The plan aims to reduce the death and injury toll on Texas roads, which have been steadily increasing since 2012, despite the state’s efforts to improve driver behavior and upgrade road conditions. House Bill 62, which makes it illegal to text while driving in Texas, was passed by the state legislature and took effect September 1, 2017.
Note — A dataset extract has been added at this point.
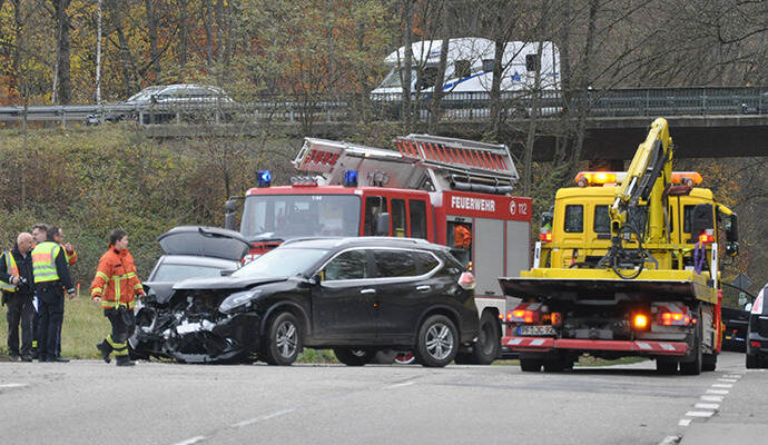 Der 45 Jahre alte Beifahrer der Unfallverursacherin wurde hierbei schwer verletzt und musste nach erster Versorgung durch einen Notarzt mit einem Rettungsdienst in ein Krankenhaus eingeliefert werden. Die 30-jährige Toyota-Fahrerin wurde aufgrund ihrer Schwangerschaft ebenfalls vorsorglich in einer Klinik aufgenommen. Die Verursacherin blieb unverletzt.

The intent of the plan is to reduce highway fatalities and serious injuries by about two percent from 2018 through 2022, and in doing so, focus on seven critical areas:

  • Distracted driving
  • Impaired driving
  • Intersection safety
  • Older motorists
  • Pedestrian safety
  • Roadway and lane departures
  • Speeding


According to data compiled by the Insurance Council of Texas (ICT), traffic fatalities in Texas have increased 34 percent since 2010. According to ICT spokesperson Mark Hanna, there is a definite correlation between a healthy Texas economy, higher speed limits, lower gasoline prices, an increasing population, and the steady rise in traffic fatalities. He said alcohol, speeding, and distracted driving all play major roles in the number of fatal accidents occurring in the state. Texas ranked number one in the nation for fatal crashes and alcohol-impaired driving in 2015, according to an Insurance Journal report.

Traffic fatalities began to increase dramatically in Texas in 2011, and by 2012, approximately 3,037 people were killed on Texas roads. That number has increased significantly almost every year since then, with 3,801 deaths on the state’s roads recorded in 2017. Experts predict that if things do not change, 3,891 people will die on Texas roads during 2018, and an estimated 4,327 by 2022.